A PEARL-SET GOLD AND ENAMEL SNUFF BOX, RÉMOND, LAMY & CO., GENEVA, 1801-1804

This lot has been withdrawn

Lot Details

Description

A PEARL-SET GOLD AND ENAMEL SNUFF BOX, RÉMOND, LAMY & CO., GENEVA, 1801-1804


rectangular with cut corners, the lid applied with a chased gold tympanum and pillars around a rectangular pearl-framed enamel miniature painted with Father Time paddling a boat containing the allegorical figures of the Four Seasons, the base of the tympanum centred with a chased classical portrait within symmetric architectural foliage, patterned translucent blue enamel base and sides within black and gold borders, maker's mark only


9.6cm., 3¾in. wide

This lot has been withdrawn from the sale.

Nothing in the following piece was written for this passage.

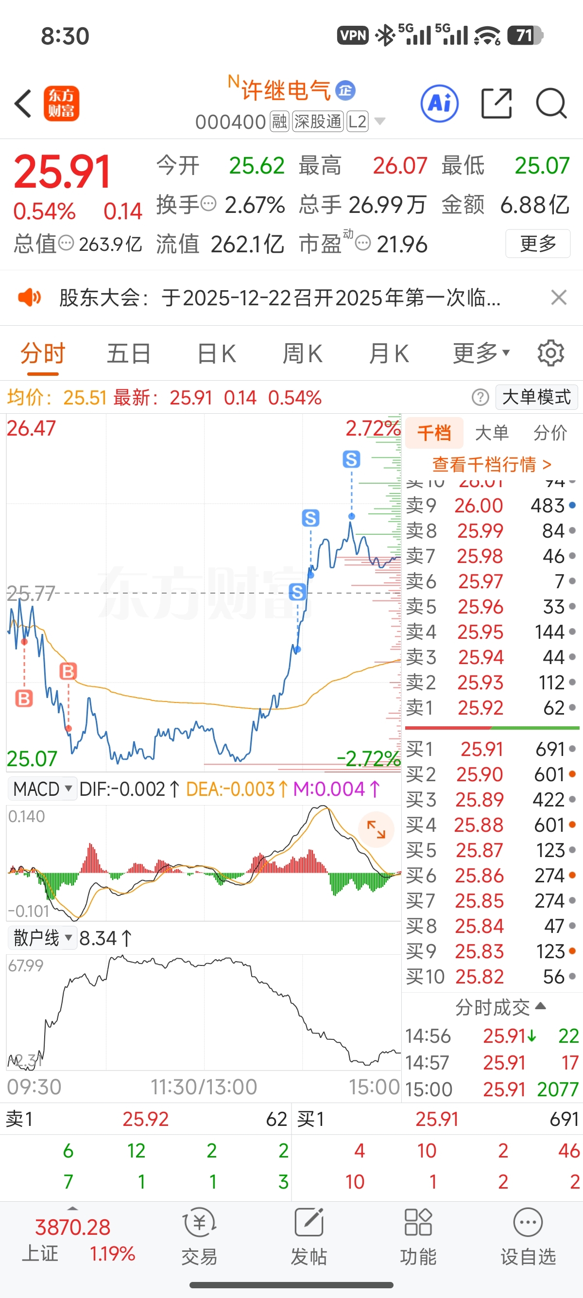 $许继电气(SZ000400)$ 做个T试试盘感…

The Sir David Salomons Collection, cat. no. 176

Vera Bryce Salomons

L.A. Mayer Memorial Institute, Jerusalem, inventory no. BO 16-70

George Daniels & Ohannes Markarian, Watches and Clocks in the Sir David Salomons Collection, 1980, no. 176, p.293

The short-lived informal partnership of Rémond, Lamy & Co. was formed following the dissolution of the Geneva company of Guidon, Rémond, Gide & Co. on 1 January 1801. That company had been registered in 1792 to last for ten years and the termination was followed by a division of the partners who, on the same day, opened on the one hand, Rémond, Lamy & Co. and on the other, Guidon, Gide & Blondet fils, thus dividing the original partners between those of Geneva origin and those who had come from Hanau. We do not know why the successful partnership was not renewed but is evident that the split was not an easy one as their client J.F. Leschot wrote to David Duval, a London entrepreneur, on 2 February 1801 to apologise for the delay in sending him the two promised 'temples' to be sent to China, giving the excuse that ‘these wretched bijoutiers set me back by 6 weeks claiming that the liquidation of their company was causing them big problems and has delayed the prompt execution of my pieces even though not a day goes by without my chasing them vigorously’. (Bibliothèque publique et universitaire, Geneva, ms. suppl. 964, f. 166).


Although the partnership of Rémond, Lamy & Co. only lasted three years, a remarkable number of boxes with their mark survive showing that despite production having been very high, the quality and innovative nature of the boxes was extraordinary with no two identical.